At Wyoming, Dembo had a successful career, finishing as the leading scorer and rebounder in Cowboys history. He accumulated 2,311 points and 954 rebounds. He was part of the Cowboys team that qualified for the finals at the 1986 National Invitation Tournament. The following year, the Cowboys qualified for the Sweet Sixteen of the 1987 NCAA Division I men's basketball tournament. At the 1987 NCAA Tournament, Dembo was the leading scorer, averaging 27.8 points per game. Dembo appeared on the cover of Sports Illustrated dressed as a cowboy. He was the first basketball player from the University of Wyoming to be featured on the SI cover. He was inducted into the University of Wyoming Athletics Hall of Fame on October 29, 1993. His number was retired and hosted up in Wyoming's Arena Auditorium during half time on December 7, 2019.

==Professional career==
Dembo was selected by the Detroit Pistons in the second round (30th overall) of the 1988 NBA draft. He played for the Pistons during the 1988–89 season, averaging 1.2 points and 0.7 rebounds in 31 games.

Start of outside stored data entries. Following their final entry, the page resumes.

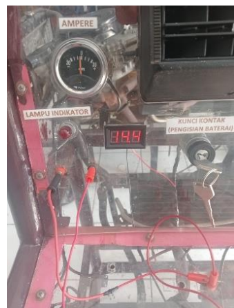
Besaran Voltase Beterai dengan Proses Pengisian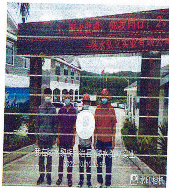
我在陵水黎族自治县·陵水弘立实业 2022-10-10 15:53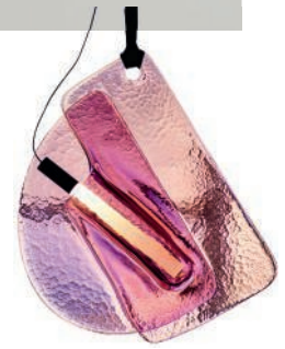
Suspension en verre. Glass pendant lamp. L 50 x l 8 x h 60 cm, Dune , Zaven x WonderGlass .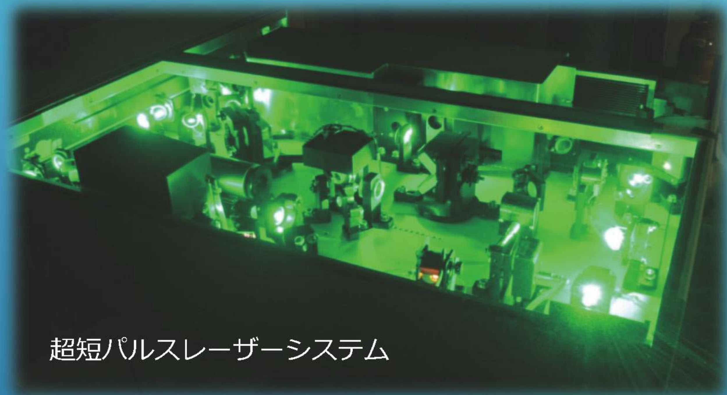
超短パルスレーザーシステム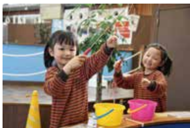
小型淡水魚を釣ってみよう

時 7月4日(土)8時45分～16時。集合・解散は市役所 所 オープンスペース(三木市ほか) 対 ひとり親家庭の4歳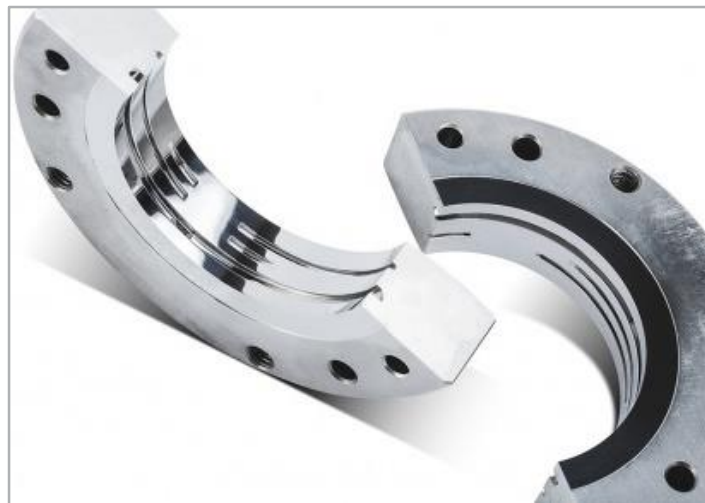
Ukázka zrcadlového leštění vnitřního průměru a drážek tvaru

Following his stint in the NBA, Dembo played for several years in Europe, South America and the CBA, retiring in 1998.

==Later life==
He then bounced between several jobs, including a stint as a prison guard in Alabama. After separating from his second wife, he moved in with his mother in San Antonio, and found employment as a maintenance person for the San Antonio Water District.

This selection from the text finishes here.